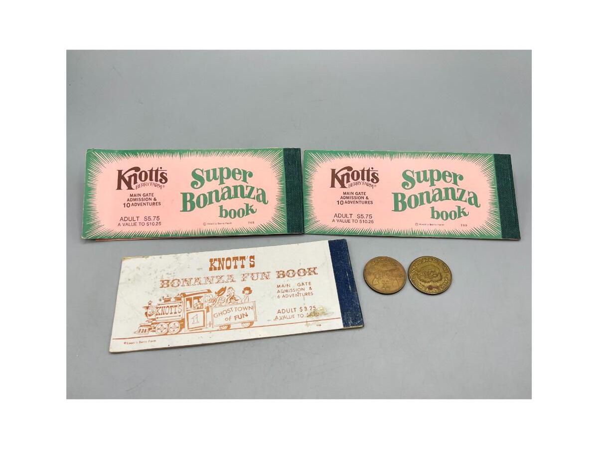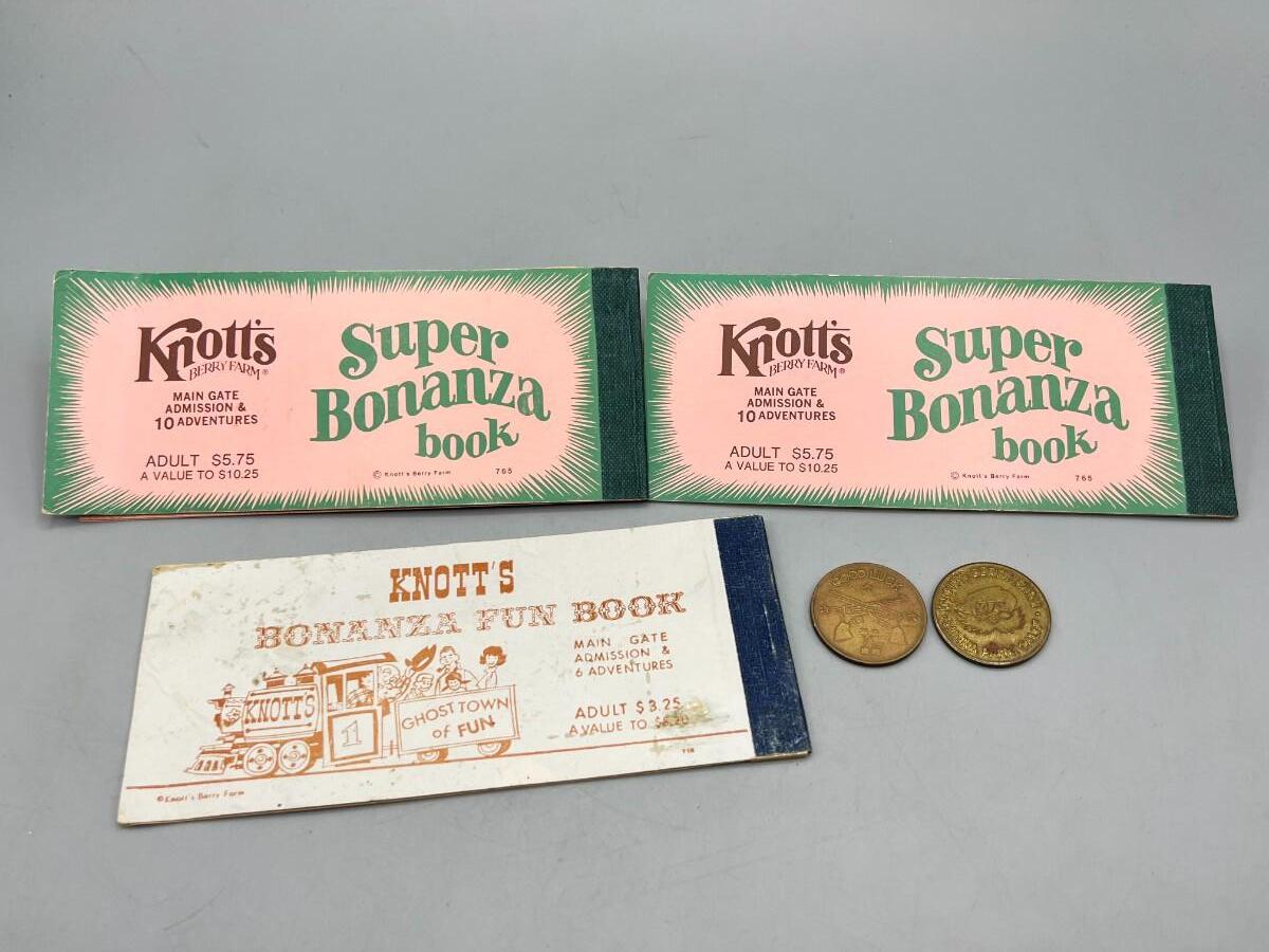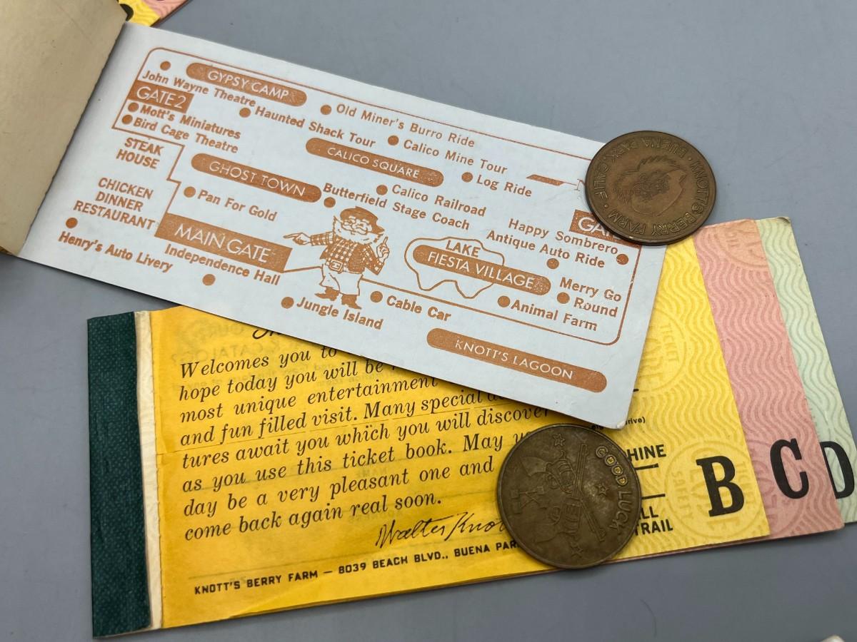 Vintage Knott's Berry Farm Ride Ticket Books Tokens Bonanza Fun Books. Three books and two tokens.
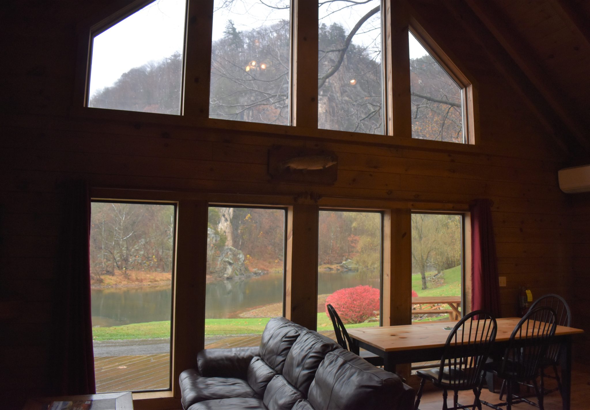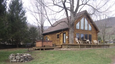 Located in Hopeville Canyon the view from this Cabin’s loft, family room and deck is a magnificent 300′ rock cliff rising from the North Fork River, including views of the Allegheny Mountains.
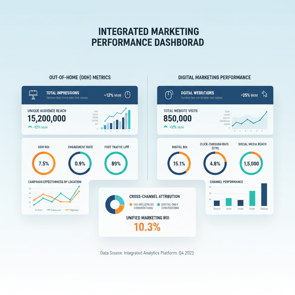 !Marketing dashboard integrating out of home advertising tracking with digital channel metrics
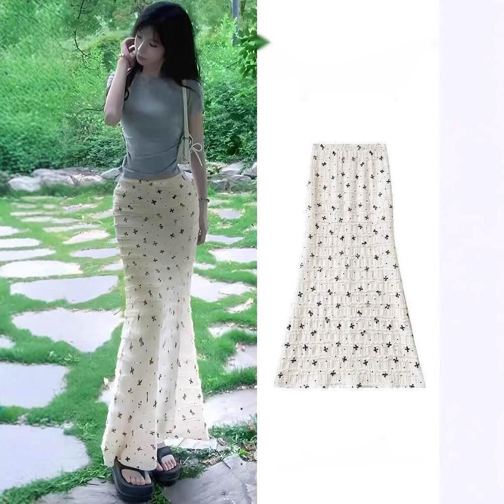 Quality生活 白色蕾絲半身裙女夏季2026新款溫柔小個子包臀裙蝴蝶結碎花魚尾裙 f1c
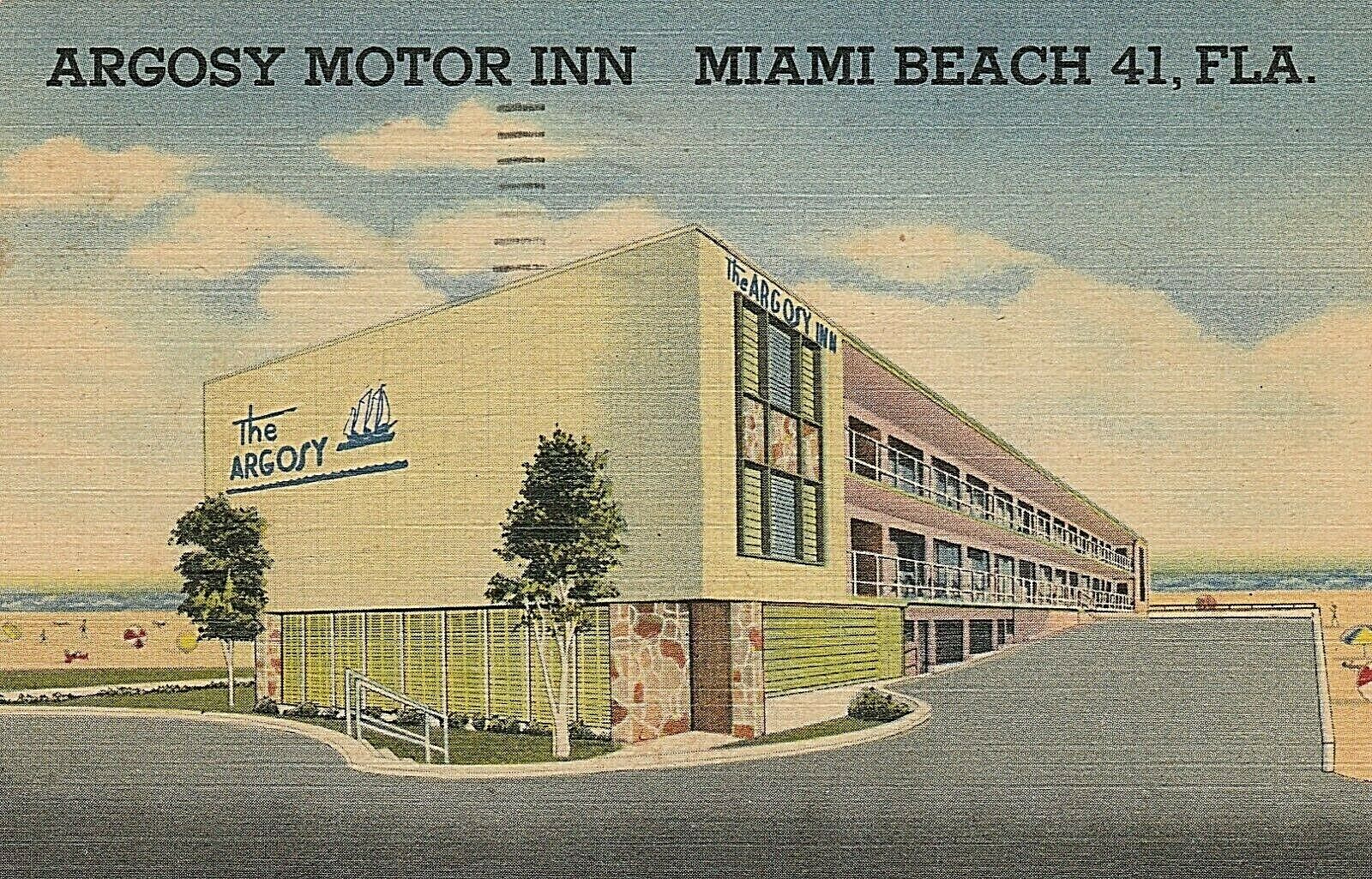 Title (ebay affiliate link): OLD LINEN POSTCARD MIAMI BEACH HOTEL " ARGOSY MOTOR INN " 1952

**********

The listing above must be repeated exactly. Its pictures are not part of the copy.

_Exercise result_
 Vintage Knott's Berry Farm Ride Ticket Books Tokens Bonanza Fun Books. Three books and two tokens.
 Located in Hopeville Canyon the view from this Cabin’s loft, family room and deck is a magnificent 300′ rock cliff rising from the North Fork River, including views of the Allegheny Mountains.
 !Marketing dashboard integrating out of home advertising tracking with digital channel metrics
 Quality生活 白色蕾絲半身裙女夏季2026新款溫柔小個子包臀裙蝴蝶結碎花魚尾裙 f1c
 Title (ebay affiliate link): OLD LINEN POSTCARD MIAMI BEACH HOTEL " ARGOSY MOTOR INN " 1952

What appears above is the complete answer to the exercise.